Subgroup phMDA was associated with worse 5-year functionality than plMDA
Clinical heterogeneity has been reported for the MDA group of patients on csDMARDs while limited data are available concerning bDMARDs. We assessed whether our cohort of RA patients on bDMARDs having persistent moderate disease activity represents a heterogenous group. For this, we compared lower and higher pMDA subgroups, the plMDA and phMDA, respectively. The 5-year functionality trajectories (average HAQ in the 8 TT intervals) of the patients classified in plMDA and phMDA subgroups are presented in Fig. 3, revealing a clear distinct trajectory for each subgroup. In multivariable mixed-effect regression analysis (Table 3), the phMDA subgroup was associated with worse 5-year functionality trajectory than plMDA subgroup (+ 0.26 higher HAQ trajectory in pMDA, 95% CI + 0.17 to + 0.36, p < 0.0001). Analysis was adjusted for possible confounding effects on gender, age and disease duration. The 5-year functionality was also significantly worse in females than males (p = 0.04) and in older patients (p < 0.0001). At 5 years, group phMDA had worse functionality status than plMDA (HAQ 0.41 ± 0.38 vs 0.66 ± 0.52 respectively, p < 0.001), although both groups were associated with improved functionality as compared to baseline (HAQ decrease from baseline: -0.38 HAQ, 95% CI -0.463 to -0.297, p < 0.0001).
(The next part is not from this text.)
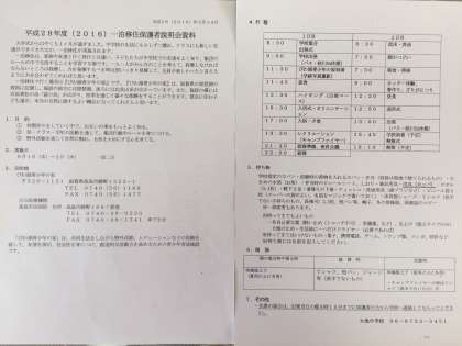 一泊移住説明会 公開日 2016/05/16 更新日 2016/05/16 お知らせ 先週の土曜参観の後、多目的室で一泊移住説明会が行われました。 来月6月1日から1年生が一泊移住にびわこ青少年の家へ出かけます。 学年主任の藤本先生や原先生の方から、出発から帰校までをレジュメに沿って説明があり、その後プロジェクターで画像を映し出し、よりわかりやすい説明となりました。 保護者からは、持ち物や常備薬、入浴のことなど様々な質問があり、それに丁寧に応える事で不安は解消されたと思います。 いいね(0)
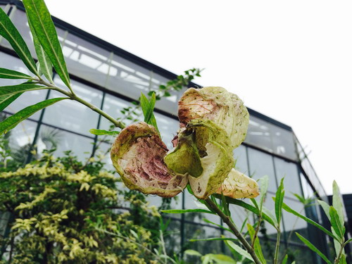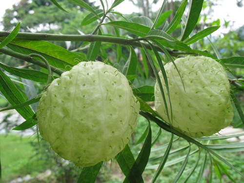 气球果(Gomphocarpus fruticosus (L.) W. T. Aiton),又名河豚果、钉头果、风船唐棉。萝藦科(Asclepiadaceae)亚灌木,高达1.8米。叶片线形,较尖,形似柳叶,表面光滑,叶色浓绿,背面稍淡。花白色至淡黄色。花期极长,每年从秋开到初春。果实黄绿色,卵圆形、圆鼓鼓的,既像是充足了气的气球,又像是正在生气的河豚,所以就有了气球果和河豚果的美称,非常奇特。果内除种子外,中空无果肉,用手轻轻一捏即扁,稍后又复原,很像气球。气球表面有粗毛,似用钉子锤入,所以也叫“钉头果”。果实成熟后能自行爆裂,种子上部附生银白色绒毛,形似降落伞,随风飘到各处播种,故又名“风船唐棉”。

The differentiation of 5-year functionality between subgroups plMDA and phMDA indicates heterogeneity within the pMDA group.
Table 3
Multivariable mixed-effect regression associated subgroup phMDA with worse 5-year functionality (HAQ) trajectory than plMDA subgroup. §
HAQ Multivariable Analysis† | Coefficient‡ | 95% CI | p-value |
Group phMDA (vs plMDA) | + 0.26 | + 0.17 to + 0.36 | p < 0.0001* |
Gender Female (vs Male) | + 0.12 | + 0.01 to + 0.24 | p = 0.04* |
Age (per year) | + 0.009 | + 0.005 to + 0.013 | p < 0.0001* |
Disease Duration (per year) | + 0.002 | -0.004 to + 0.007 | p = 0.543 |
Time 3–9 Months (vs baseline) | -0.200 | -0.287 to -0.114 | p < 0.0001* |
Time 9–15 Months (vs baseline) | -0.285 | -0.373 to -0.196 | p < 0.0001* |
Time 15–21 Months (vs baseline) | -0.291 | -0.378 to -0.204 | p < 0.0001* |
Time 21–27 Months (vs baseline) | -0.279 | -0.369 to -0.190 | p < 0.0001* |
Time 27–33 Months (vs baseline) | -0.342 | -0.444 to -0.240 | p < 0.0001* |
Time 33–42 Months (vs baseline) | -0.308 | -0.392 to -0.225 | p < 0.0001* |
Time 42–54 Months (vs baseline) | -0.313 | -0.396 to -0.231 | p < 0.0001* |
Time 54–60 Months (vs baseline) | -0.380 | -0.463 to -0.297 | p < 0.0001* |
* Variable is associated significantly with patients’ 5-year functionality (HAQ) course (p < 0.05 significance threshold). ‡ Regression coefficient that represents increase (+) or decrease (-) in 5-year functionality (HAQ) course associated with the variable (category membership for categorical variable or unit increase for continuous variable). † Efficiency of multivariable analysis: RMSE (Root mean square error) = 0.366, R2 (R-squared) = 0.538. § Terms: plMDA = Persistent Lower-Moderate Disease Activity Group; phMDA = Persistent Higher-Moderate Disease Activity Group. |
Patient (sub)groups are associated with different serious adverse events occurrence
We also assessed SAEs occurrence during the course of the follow-up to estimate for any differences in the long-term outcome between distinct patients groups. The 5-year cumulative SAEs trajectories of pRLDA and pMDA groups as well as of the plMDA and phMDA subgroups are presented in Fig. 4, showing a clear distinct trajectory for each group and subgroup respectively. At 5 years, pMDA group had higher occurrence of SAEs than pRLDA group (0.2 ± 0.48 in pRLDA vs 0.5 ± 0.96 in pMDA, p = 0.006). In addition, the phMDA subgroup had also higher occurrence of SAEs than the phMDA subgroup (0.32 ± 0.6 in vs 0.64 ± 1.16 respectively, p = 0.038). The differentiation between subgroups plMDA and phMDA in serious adverse events occurrence, further supports the heterogeneity within the pMDA group.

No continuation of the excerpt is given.